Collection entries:
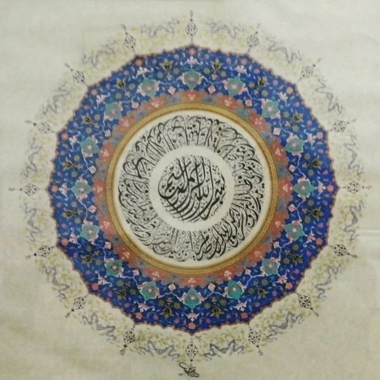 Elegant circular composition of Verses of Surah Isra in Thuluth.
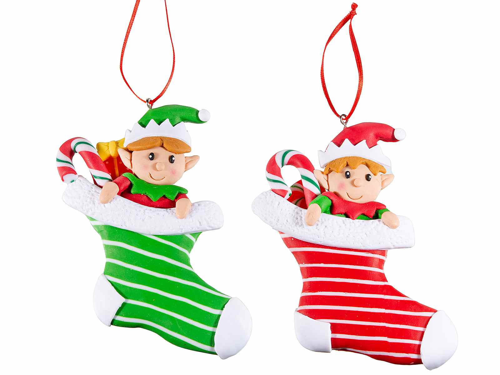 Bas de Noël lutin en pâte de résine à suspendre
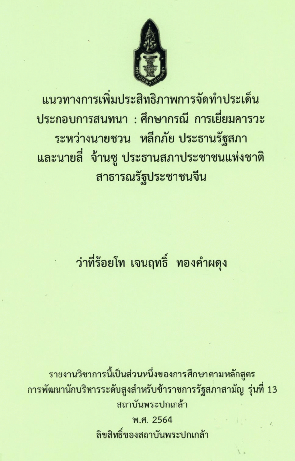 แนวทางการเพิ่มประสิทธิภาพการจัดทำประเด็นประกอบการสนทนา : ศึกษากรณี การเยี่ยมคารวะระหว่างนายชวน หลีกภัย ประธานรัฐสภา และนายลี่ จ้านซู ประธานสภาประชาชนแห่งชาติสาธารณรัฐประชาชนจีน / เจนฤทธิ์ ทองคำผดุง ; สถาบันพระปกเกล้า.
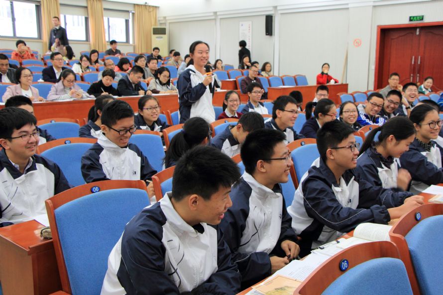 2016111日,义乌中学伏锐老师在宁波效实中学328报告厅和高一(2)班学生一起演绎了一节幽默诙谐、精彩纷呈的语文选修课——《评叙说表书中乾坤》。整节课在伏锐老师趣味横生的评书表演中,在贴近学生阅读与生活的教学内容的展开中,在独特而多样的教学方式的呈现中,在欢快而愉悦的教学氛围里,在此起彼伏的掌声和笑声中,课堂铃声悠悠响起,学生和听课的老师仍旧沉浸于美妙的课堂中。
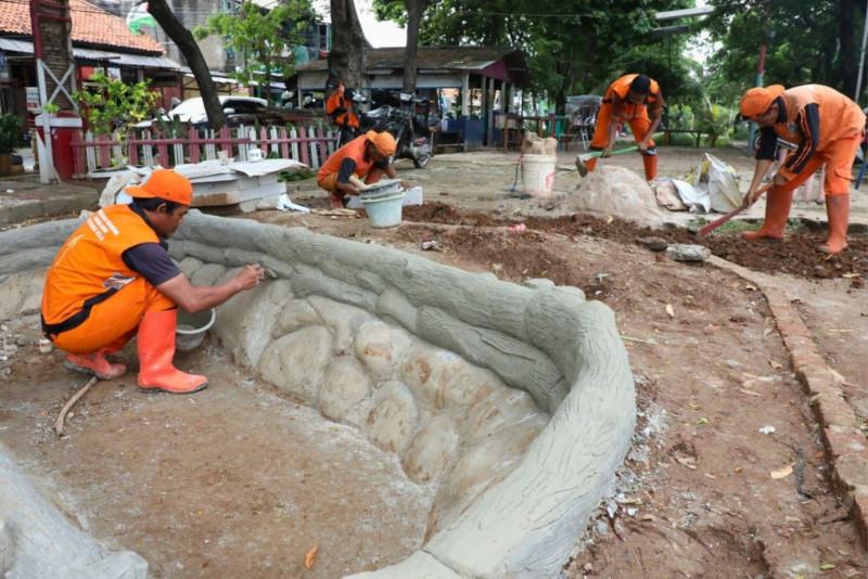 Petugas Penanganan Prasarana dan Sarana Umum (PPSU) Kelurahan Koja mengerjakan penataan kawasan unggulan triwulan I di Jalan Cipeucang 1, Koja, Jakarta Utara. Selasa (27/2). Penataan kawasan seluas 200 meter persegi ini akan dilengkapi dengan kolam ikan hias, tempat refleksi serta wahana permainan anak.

WORK REQUEST: From the first line to the last, repeat the records above exactly, leaving out the pictures.

ANSWER SECTION:
 Elegant circular composition of Verses of Surah Isra in Thuluth.
 Bas de Noël lutin en pâte de résine à suspendre
 แนวทางการเพิ่มประสิทธิภาพการจัดทำประเด็นประกอบการสนทนา : ศึกษากรณี การเยี่ยมคารวะระหว่างนายชวน หลีกภัย ประธานรัฐสภา และนายลี่ จ้านซู ประธานสภาประชาชนแห่งชาติสาธารณรัฐประชาชนจีน / เจนฤทธิ์ ทองคำผดุง ; สถาบันพระปกเกล้า.
 2016111日,义乌中学伏锐老师在宁波效实中学328报告厅和高一(2)班学生一起演绎了一节幽默诙谐、精彩纷呈的语文选修课——《评叙说表书中乾坤》。整节课在伏锐老师趣味横生的评书表演中,在贴近学生阅读与生活的教学内容的展开中,在独特而多样的教学方式的呈现中,在欢快而愉悦的教学氛围里,在此起彼伏的掌声和笑声中,课堂铃声悠悠响起,学生和听课的老师仍旧沉浸于美妙的课堂中。
 Petugas Penanganan Prasarana dan Sarana Umum (PPSU) Kelurahan Koja mengerjakan penataan kawasan unggulan triwulan I di Jalan Cipeucang 1, Koja, Jakarta Utara. Selasa (27/2). Penataan kawasan seluas 200 meter persegi ini akan dilengkapi dengan kolam ikan hias, tempat refleksi serta wahana permainan anak.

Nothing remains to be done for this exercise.